§ What needs to be done: Exactly as they appear below, repeat the lines from the one with "6x6 MM Heart" through the one with "4月15-19日马来西亚留学". Drop every picture.
◆ ◆ ◆ ◆ ◆
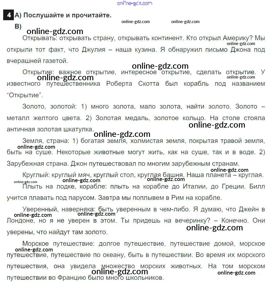 Готовые домашние задания по Английскому языку за 6 класс Учебник Афанасьева, Михеева Rainbow 2017 - Step 1 Unit 4 4
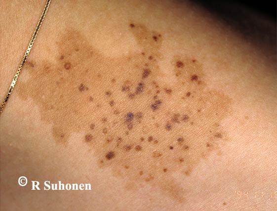 Naevus spilus. Naevus spilus or speckled lentiginous nevus is a benign brownish area with scattered darker spots. The clinical approach is similar to other benign naevi. Naevus spilus has only cosmetic significance.
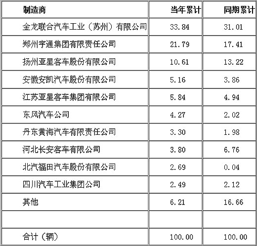 2005年1-12月份,前十名中型客车制造商的市场集中度达到93.79%。其中,前五名中型客车制造商,金龙联合汽车工业(苏州)有限公司、郑州宇通集团有限责任公司、扬州亚星客车股份有限公司、安徽安凯汽车股份有限公司和江苏亚星客车集团有限公司的市场集中度达到77.24%。
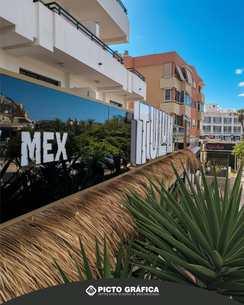 Las letras centrales TULUM se realizaron como letras corpóreas de 7 cm de volumen, pensadas para que el nombre del restaurante tenga una presencia clara y reconocible desde cualquier punto de vista. Para su fabricación utilizamos metacrilato, un material muy habitual en rotulación por su durabilidad y por cómo responde a la iluminación.
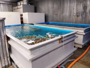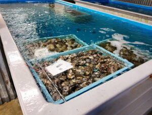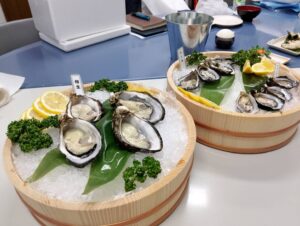 写真は、業者様生け簀と、視察時食べ比べさせていただいた牡蠣たちです。これも美味でした。
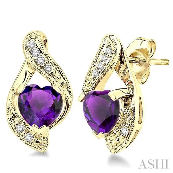 6x6 MM Heart Shape Amethyst and 1/20 Ctw Single Cut Diamond Semi-Precious Earrings in 14K Yellow Gold Image 2 Adler's Diamonds Saint Louis, MO
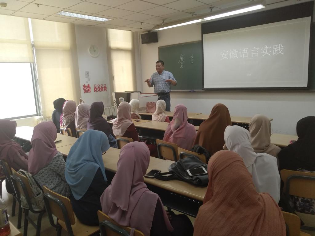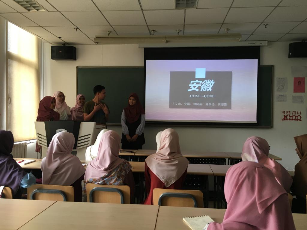 4月15-19日马来西亚留学生赴安徽语言实践,为了总结语言实践的成果,深入了解安徽的风土人情和独具特色的徽派文化,5月14日上午,17级马来班的25名同学举行了安徽语言实践报告会,对外汉语系主任孟德宏老师和办公室的夏菁老师担任此次报告的评委。
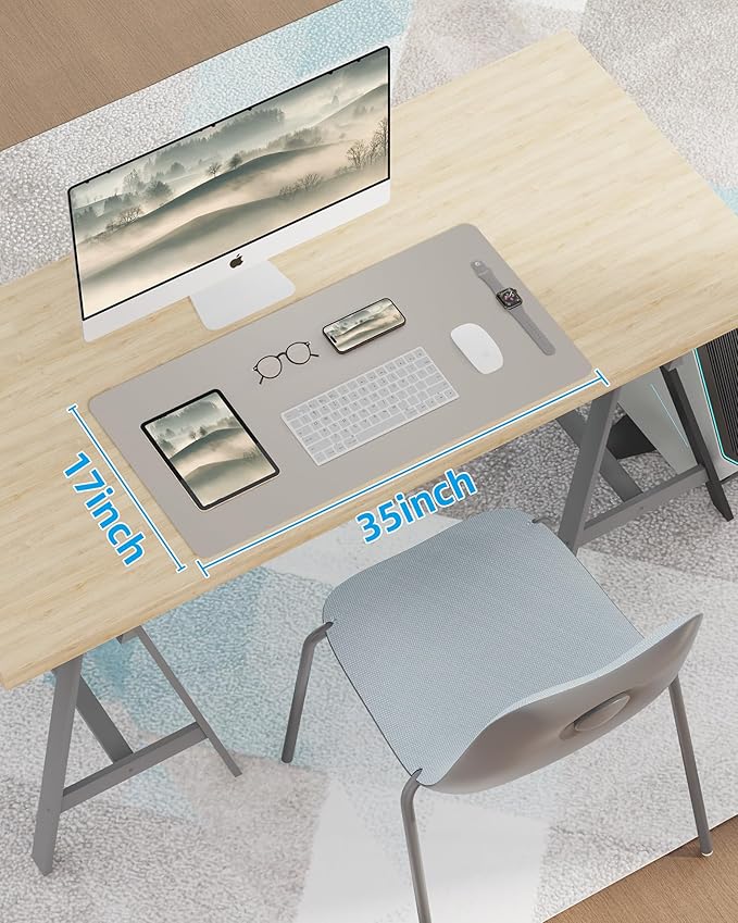 - MULTIFUNCTIONAL DESK PAD:35 x 17 Inch Size is large enough to accommodate your laptop, mouse and keyboard. Its comfortable and smooth surface can be work as a mouse pad,desk mat,desk blotters and writing pad.
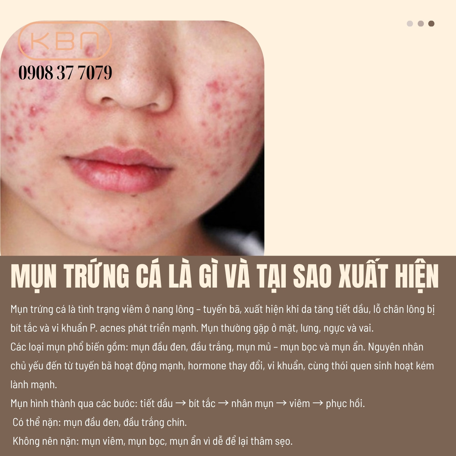 Mụn trứng cá là tình trạng viêm khu trú tại nang lông – tuyến bã, thường xuất hiện ở những vùng da tiết nhiều dầu như mặt, lưng, ngực và vai. Nguyên nhân chính dẫn đến mụn trứng cá là sự kết hợp giữa việc da tăng tiết bã nhờn, hiện tượng sừng hóa nang lông và sự phát triển quá mức của vi khuẩn trên da. Khi các yếu tố này kết hợp, chúng tạo điều kiện cho mụn hình thành và gây ra các tổn thương viêm đỏ trên bề mặt da.
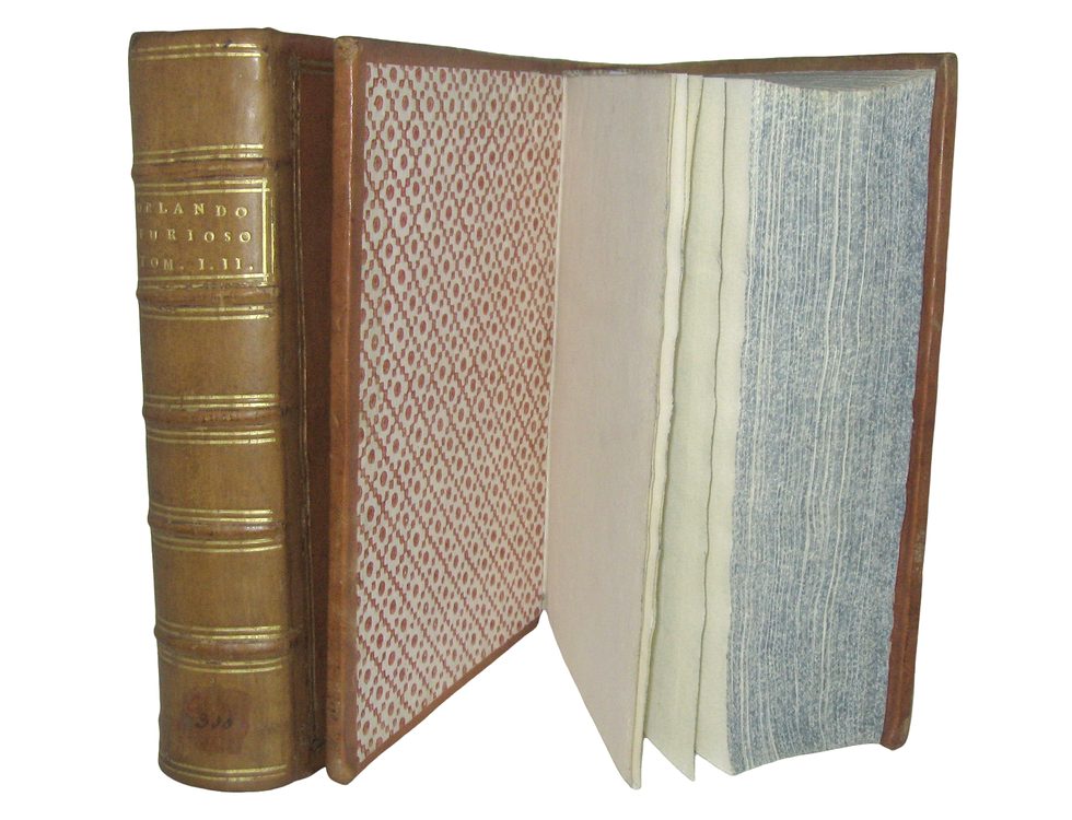 Quattro parti in due grossi volumi di cm. 28,5, pp. (16) lx, cc. (150); (214); (206); (268). Con 62 magnifiche tavole incise finemente in rame, questo il dettaglio: 4 frontespizi, 1 antiporta illustrata, 1 ritratto dell'Autore, 5 tavole a corredo della Vita di Ariosto, 51 tavole calcografiche poste all'inizio di ogni canto. Le incisioni furono realizzate da Zuliani, Fambrini, Daniotto, Leonardis e altri, su disegni di P.A. Novelli. Il testo è impreziosito da moltissime testate e cul-de-lamp, il tutto sempre inciso finemente in rame. Bellissima legatura coeva in pieno vitello con duplice filetto dorato al contorno dei piatti e dorsi a cinque nervi sottolineati da duplici filetti dorati. Titolo e numerazione dei tomi alla seconda casella riquadrata da un duplice filetto dorato; tagli spruzzati di colore azzurro. Contropiatti rivestiti di carta decorata di colore rosa. Il primo proprietario, quindi anticamente, fece aggiungere in fine ciascun canto due fogli bianchi di carta della medesima qualità per eventuali annotazioni, ma rimasti bianchi. Qualche piccola abrasione/spellatura superficiale alla legatura. Splendido esemplare da alta collezione, in ottimo stato di conservazione e caratterizzato da una non comune freschezza delle carte. Il celebre poema ariostesco è suddiviso in quarantasei canti con i famosi cinque aggiunti successivamente, seguiti da una o più pagine di annotazioni esegetico-esplicative. Ogni canto presenta un argomento iniziale stampato entro piccole bordure ed una tavola calcografica (pure entro contorno) che ne raffigura il tema centrale. Questa raffinatissima edizione si caratterizza come uno dei capolavori dell'editoria veneziana del Settecento ed in assoluto è una delle più celebri edizioni antiche dell'Orlando furioso. L'opera, considerata un libro d'arte, fu realizzata da Antonio Zatta, uno dei più importanti editori di libri figurati della storia. Cfr. Iccu; Gamba, 61; Morazzoni, p. 57; Agnelli-Ravegnani, p. 202-203; Graesse, I, 199, "Cette édition enrichie de notes a été faite sur la dernière réimpression de Pitteri”; Brunet, I, 437.
◆ ◆ ◆ ◆ ◆
§ Output:
 6x6 MM Heart Shape Amethyst and 1/20 Ctw Single Cut Diamond Semi-Precious Earrings in 14K Yellow Gold Image 2 Adler's Diamonds Saint Louis, MO
 4月15-19日马来西亚留学生赴安徽语言实践,为了总结语言实践的成果,深入了解安徽的风土人情和独具特色的徽派文化,5月14日上午,17级马来班的25名同学举行了安徽语言实践报告会,对外汉语系主任孟德宏老师和办公室的夏菁老师担任此次报告的评委。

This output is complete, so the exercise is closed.